(TASK MATERIAL)

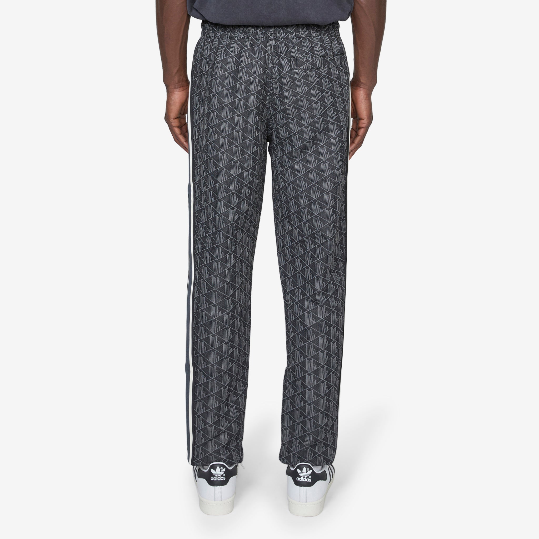 Monogram Track Pant in Black and Graphite from Lacoste. Regular fit, track pants with a slight taper and an elasticated waistband. Crafted from a polyester and cotton blend in an all-over jacquard monogram. 3 pocket styling with two inseam pockets and a welt pocket on the back. Finished with embroidered branding.
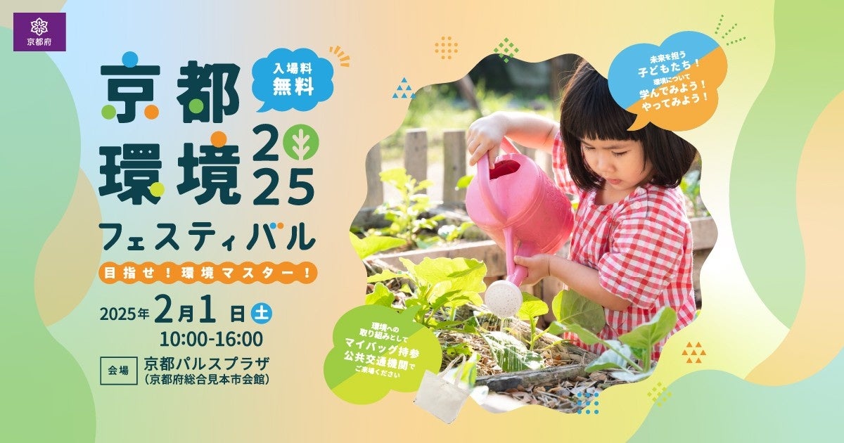 京都府内にて開催される、未来を担う子どもたちが環境について楽しく学び考えるイベント「京都環境フェスティバル 2025」を2月1日に京都パルスプラザで開催します。今年は小島よしお氏をゲストに招き、無料シャトルバスも運行します。
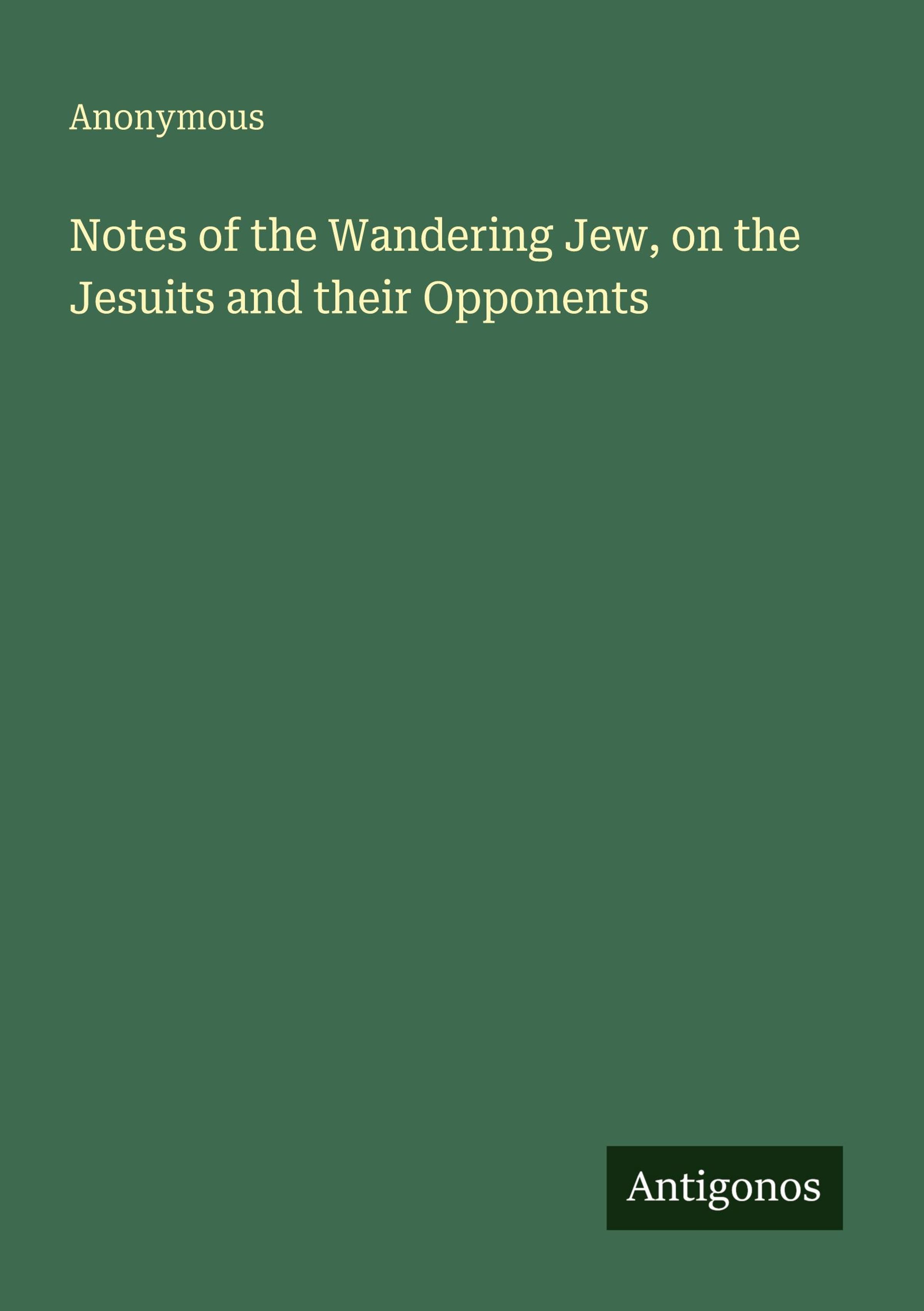 Notes of the Wandering Jew, on the Jesuits and their Opponents
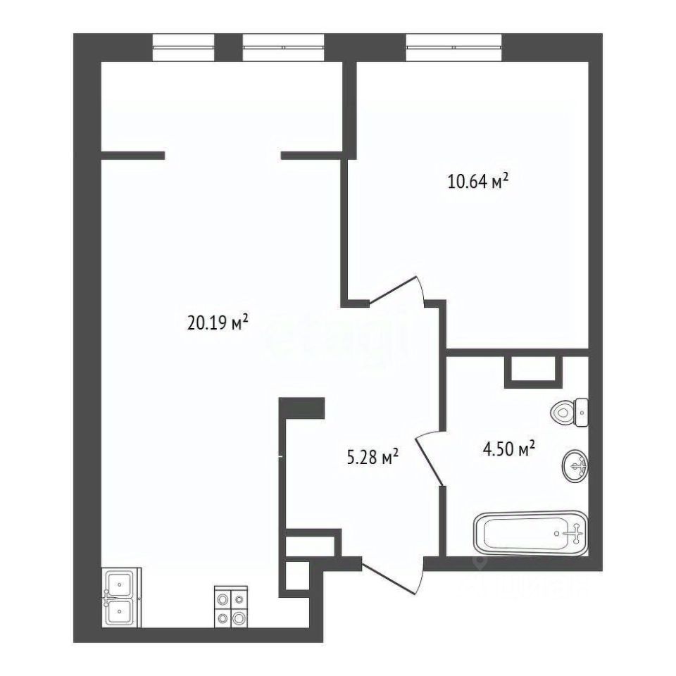 Кухня: 10.64 м² | Санузел: Совмещенный
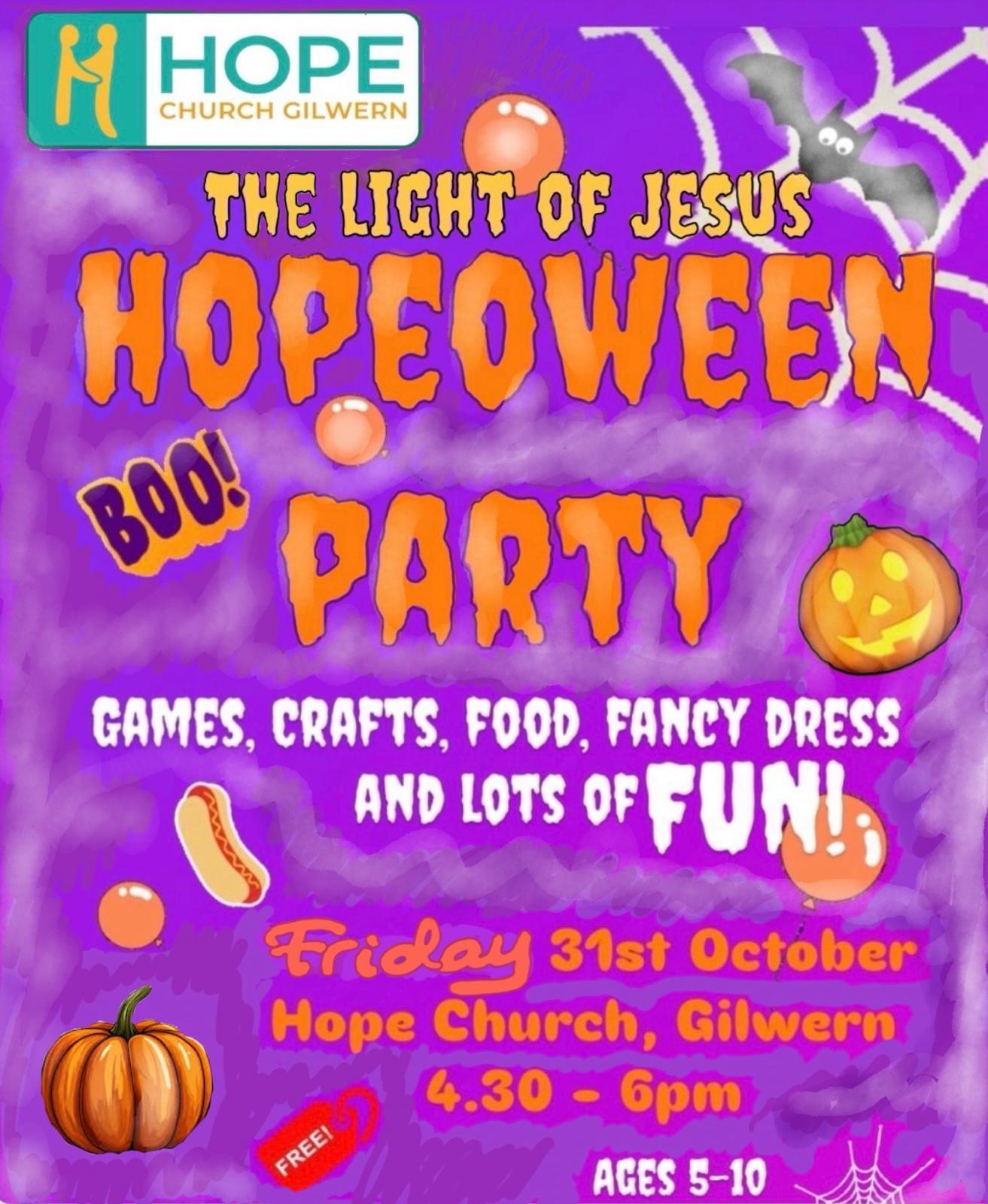 Hopeoween is a fun evening for children between the age of 5-10 to come to a safe indoor event where there will be crafts, games, and songs to enjoy. This is a church based event where the theme for the evening will be the light of Jesus that shines out in a dark world
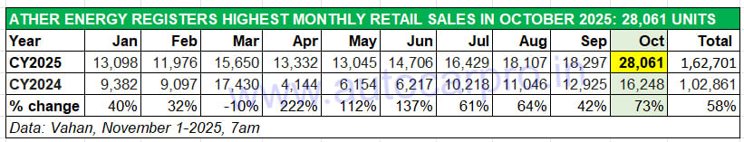 Bengaluru-based smart electric scooter startup Ather Energy, which is having a stellar run in domestic market, has clocked record monthly retail sales of 28,061 units in October 2025 as per Vahan. This is a handsome 73% YoY increase (October 2024: 16,248 units) and makes last month the company’s best ever since it entered the e-2W market in end-CY2018 (see 10-month sales data table below).
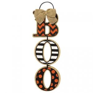 Boo MDF Halloween hanging sign with burlap bow. Perfect for your door or entry. Size: 45cm x 15cm
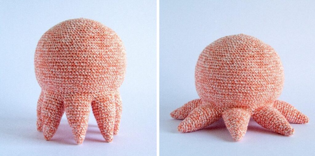 Empieza a rellenar el cuerpo firmemente y continúa haciéndolo mientras tejes. Asegúrate de que la parte de abajo del pulpo no se abulte por el exceso de relleno, sino que quede metida en el cuerpo.
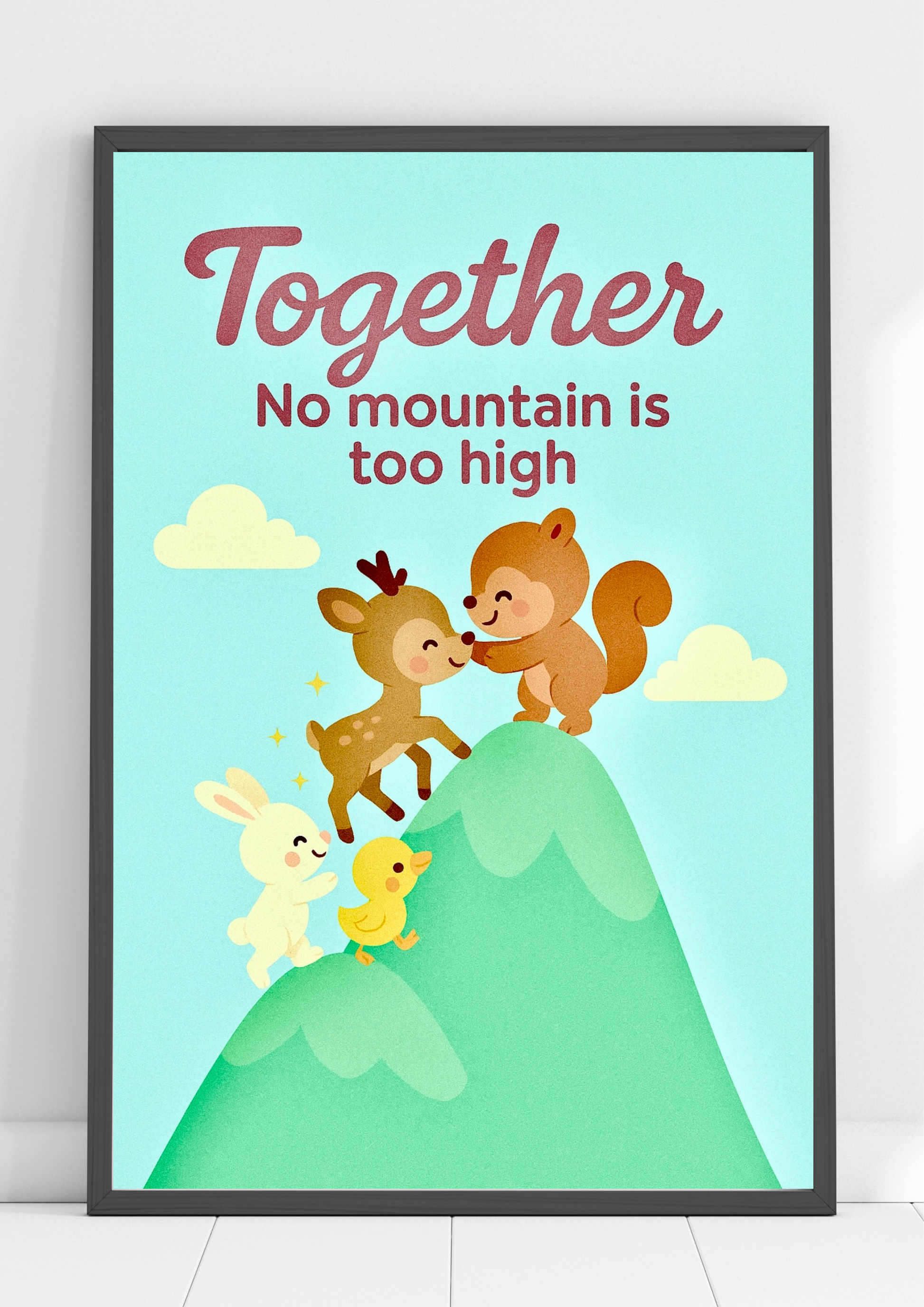 Celebrate your little one’s spirit of teamwork and courage with our Navratri inspired kids poster! Featuring adorable animals climbing a pastel mountain under the inspiring message “Together, No mountain is too high”, this artwork gently teaches toddlers the power of kindness, unity, and perseverance.

(End TASK MATERIAL)

WHAT YOU NEED TO DO: Find "Empieza a rellenar" in the entries, then reproduce that line and each line after it exactly, through the last one. Pictures do not go in.

OUTPUT OF THE EXERCISE:
 Empieza a rellenar el cuerpo firmemente y continúa haciéndolo mientras tejes. Asegúrate de que la parte de abajo del pulpo no se abulte por el exceso de relleno, sino que quede metida en el cuerpo.
 Celebrate your little one’s spirit of teamwork and courage with our Navratri inspired kids poster! Featuring adorable animals climbing a pastel mountain under the inspiring message “Together, No mountain is too high”, this artwork gently teaches toddlers the power of kindness, unity, and perseverance.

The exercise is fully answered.